Task to complete: Starting with the line that has "Unterwegs erfahren die" and finishing with the line that has "W dniach 24–25", set down each line below exactly. Pictures are not copied.

Data for this task:
[Start of section]

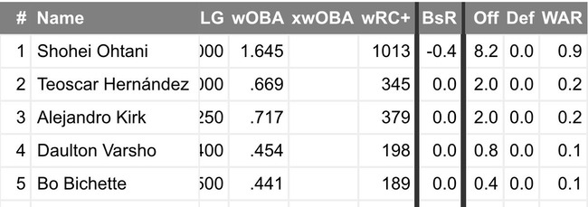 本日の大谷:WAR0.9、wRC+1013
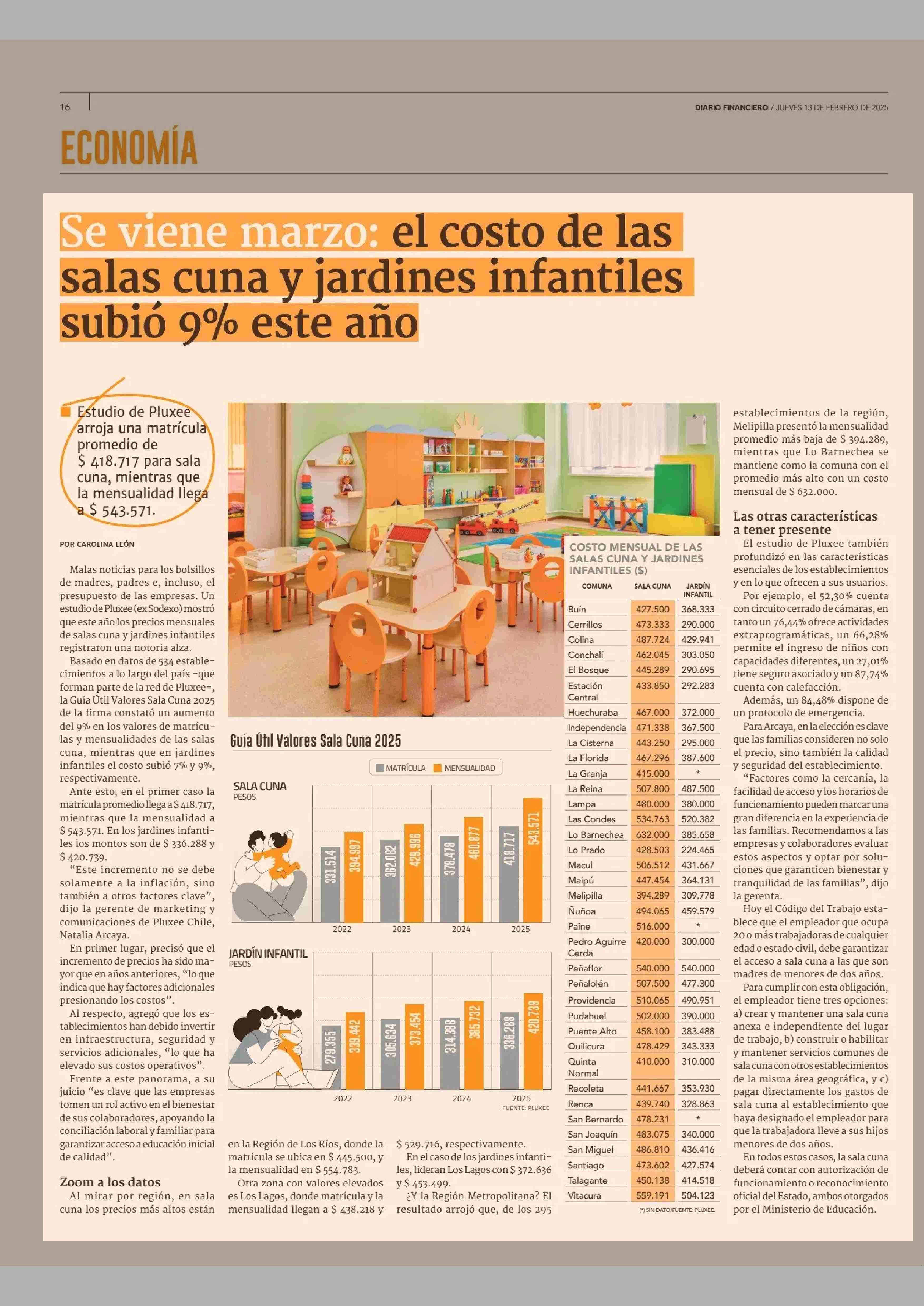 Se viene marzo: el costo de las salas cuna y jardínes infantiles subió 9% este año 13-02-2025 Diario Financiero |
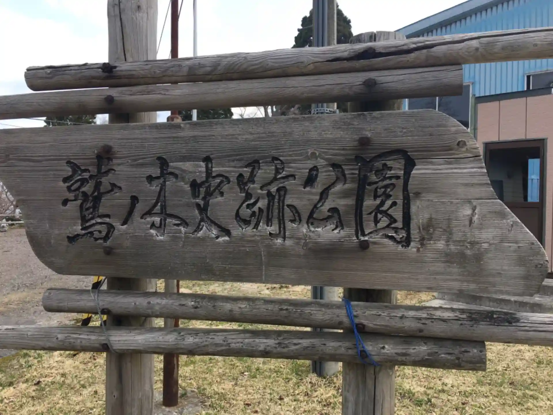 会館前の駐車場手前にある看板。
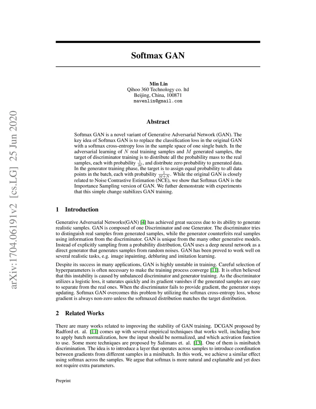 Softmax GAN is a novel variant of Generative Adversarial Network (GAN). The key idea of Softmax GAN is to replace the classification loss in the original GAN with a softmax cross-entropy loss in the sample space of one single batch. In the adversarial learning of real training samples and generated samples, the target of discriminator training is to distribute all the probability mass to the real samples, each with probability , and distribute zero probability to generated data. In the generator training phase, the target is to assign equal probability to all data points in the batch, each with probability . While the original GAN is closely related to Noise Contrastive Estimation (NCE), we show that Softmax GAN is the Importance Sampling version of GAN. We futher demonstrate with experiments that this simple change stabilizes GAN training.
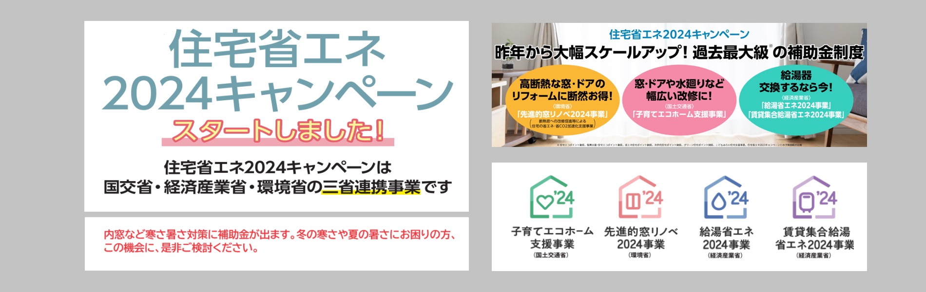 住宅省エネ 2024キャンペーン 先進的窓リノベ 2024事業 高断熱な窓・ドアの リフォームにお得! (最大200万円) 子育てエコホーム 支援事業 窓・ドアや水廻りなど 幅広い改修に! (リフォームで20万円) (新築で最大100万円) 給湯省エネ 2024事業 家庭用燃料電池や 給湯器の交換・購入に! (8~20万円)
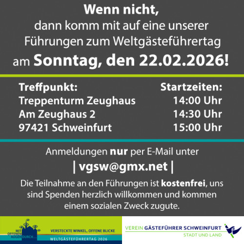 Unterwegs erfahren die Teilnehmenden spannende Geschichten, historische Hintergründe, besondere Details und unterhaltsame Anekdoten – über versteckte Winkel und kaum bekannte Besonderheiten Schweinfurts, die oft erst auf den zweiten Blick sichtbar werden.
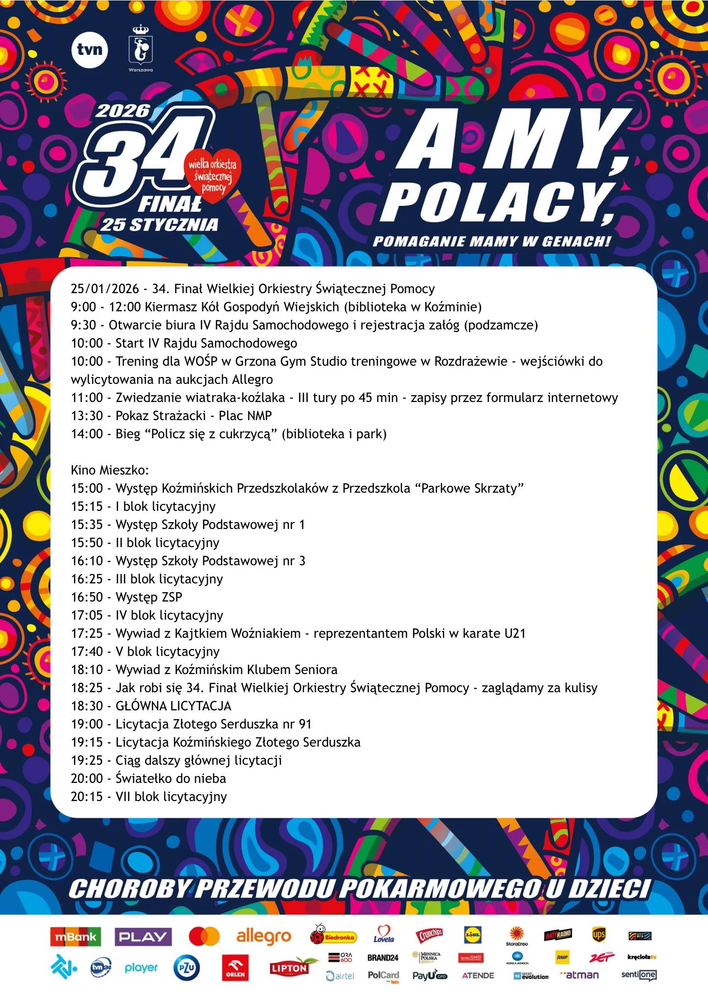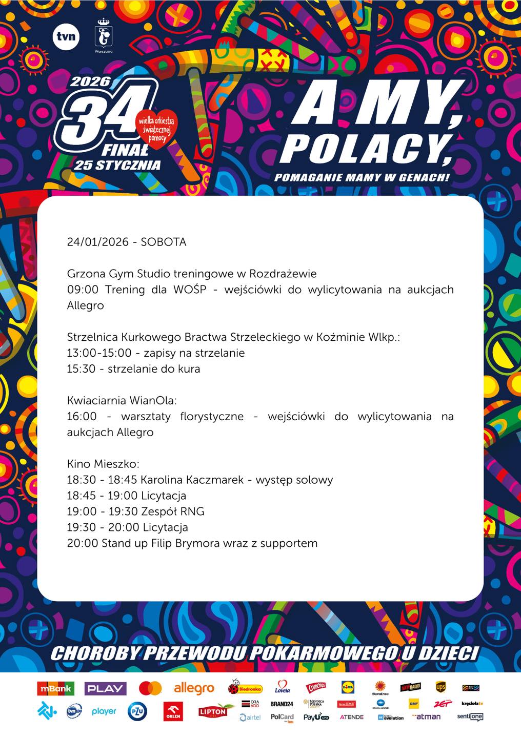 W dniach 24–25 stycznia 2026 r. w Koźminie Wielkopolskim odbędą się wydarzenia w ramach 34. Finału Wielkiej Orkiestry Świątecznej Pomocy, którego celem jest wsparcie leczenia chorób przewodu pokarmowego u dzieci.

[End of section]
[Start of section]

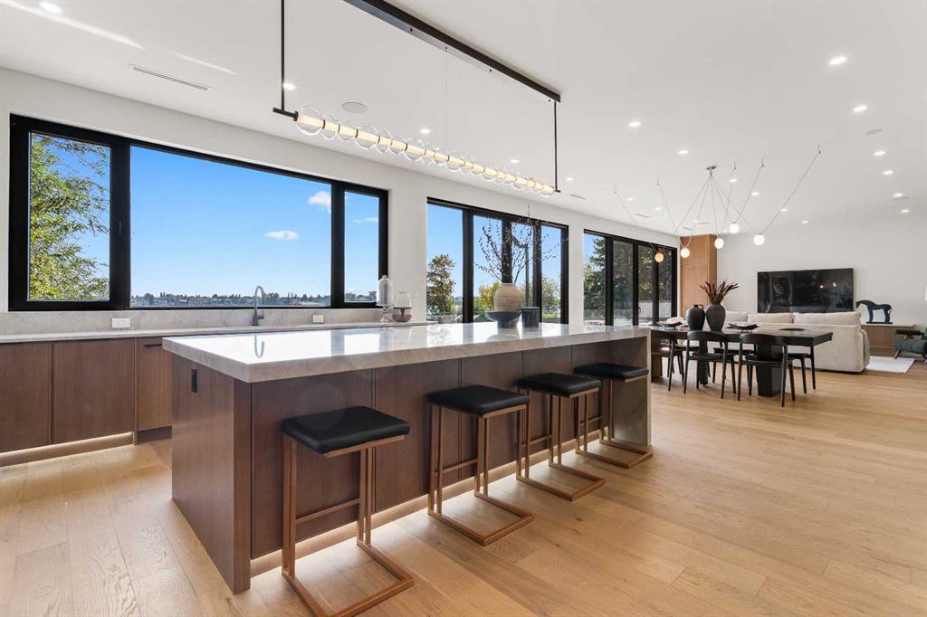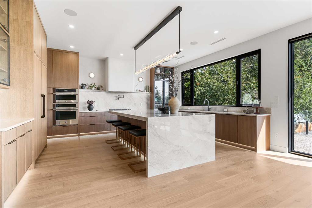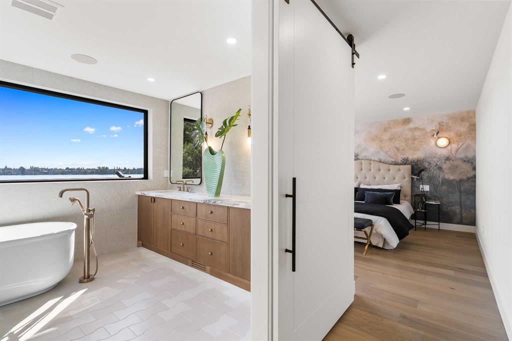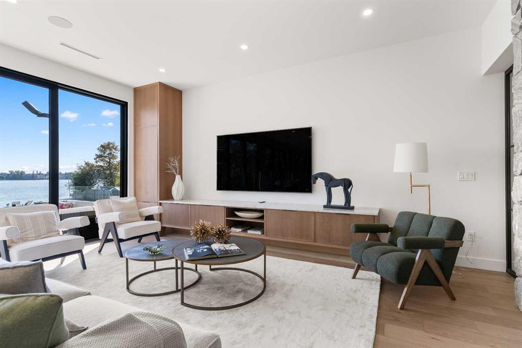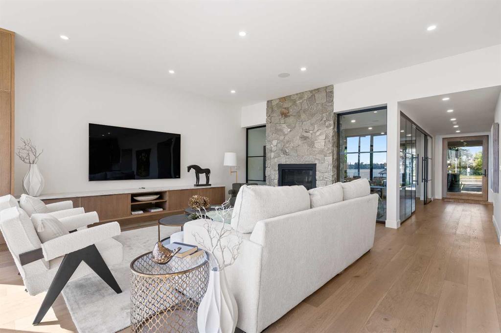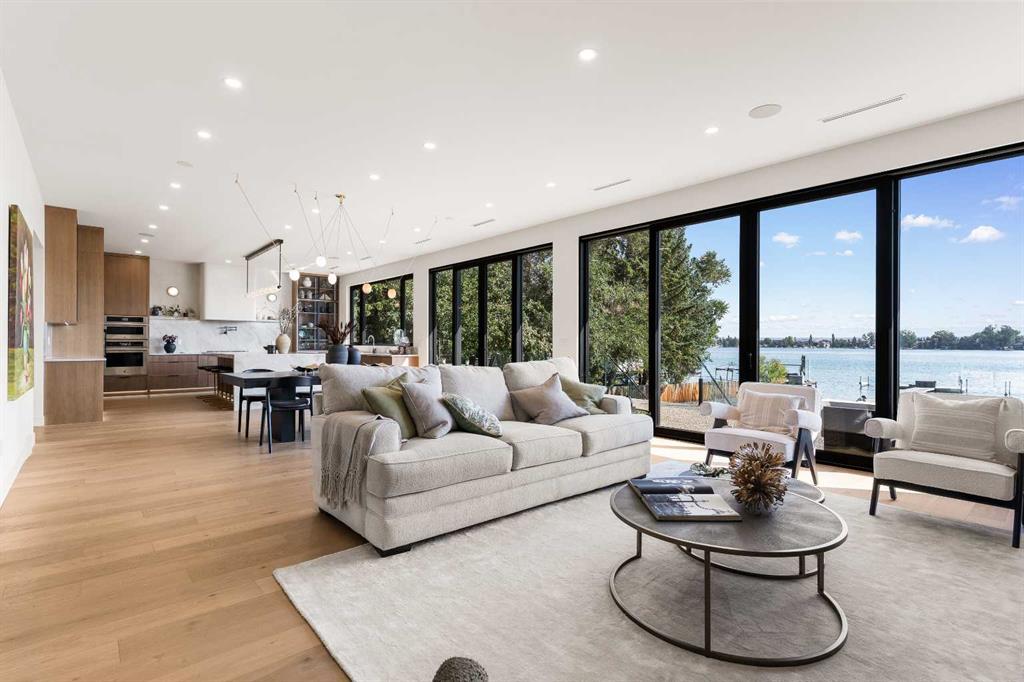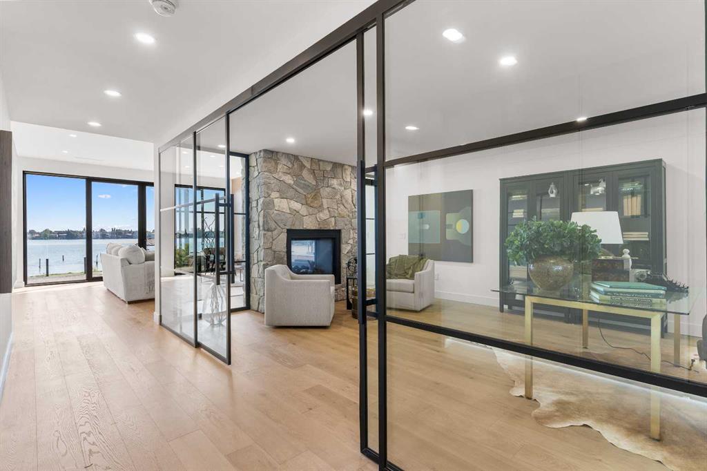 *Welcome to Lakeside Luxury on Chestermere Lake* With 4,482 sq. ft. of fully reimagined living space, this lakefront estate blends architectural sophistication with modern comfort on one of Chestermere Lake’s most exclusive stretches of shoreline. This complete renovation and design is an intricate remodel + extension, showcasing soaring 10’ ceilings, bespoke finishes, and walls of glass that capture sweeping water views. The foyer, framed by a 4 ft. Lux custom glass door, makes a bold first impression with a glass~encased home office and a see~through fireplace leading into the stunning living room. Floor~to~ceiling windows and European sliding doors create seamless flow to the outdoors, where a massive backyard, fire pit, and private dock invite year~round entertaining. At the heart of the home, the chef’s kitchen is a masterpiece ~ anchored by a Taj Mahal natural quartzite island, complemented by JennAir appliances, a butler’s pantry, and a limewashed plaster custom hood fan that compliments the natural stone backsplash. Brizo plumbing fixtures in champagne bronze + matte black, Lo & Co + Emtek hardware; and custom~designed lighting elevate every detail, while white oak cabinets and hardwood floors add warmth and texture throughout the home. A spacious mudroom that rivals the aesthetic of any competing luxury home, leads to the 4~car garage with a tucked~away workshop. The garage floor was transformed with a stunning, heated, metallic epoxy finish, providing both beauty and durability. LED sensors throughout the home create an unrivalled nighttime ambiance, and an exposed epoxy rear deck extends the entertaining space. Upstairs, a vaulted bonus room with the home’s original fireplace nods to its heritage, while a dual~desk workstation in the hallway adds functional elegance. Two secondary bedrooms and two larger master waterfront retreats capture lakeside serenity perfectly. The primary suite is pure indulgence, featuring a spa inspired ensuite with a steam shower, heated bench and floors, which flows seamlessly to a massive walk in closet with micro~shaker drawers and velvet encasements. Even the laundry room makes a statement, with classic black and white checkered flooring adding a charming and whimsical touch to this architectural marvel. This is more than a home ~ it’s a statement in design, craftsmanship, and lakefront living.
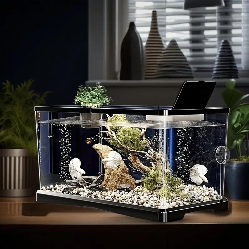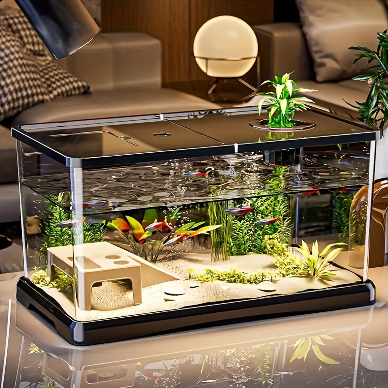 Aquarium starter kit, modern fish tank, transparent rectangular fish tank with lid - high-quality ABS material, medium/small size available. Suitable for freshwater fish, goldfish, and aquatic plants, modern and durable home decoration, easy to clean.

[End of section]

Reply:
 Unterwegs erfahren die Teilnehmenden spannende Geschichten, historische Hintergründe, besondere Details und unterhaltsame Anekdoten – über versteckte Winkel und kaum bekannte Besonderheiten Schweinfurts, die oft erst auf den zweiten Blick sichtbar werden.
 W dniach 24–25 stycznia 2026 r. w Koźminie Wielkopolskim odbędą się wydarzenia w ramach 34. Finału Wielkiej Orkiestry Świątecznej Pomocy, którego celem jest wsparcie leczenia chorób przewodu pokarmowego u dzieci.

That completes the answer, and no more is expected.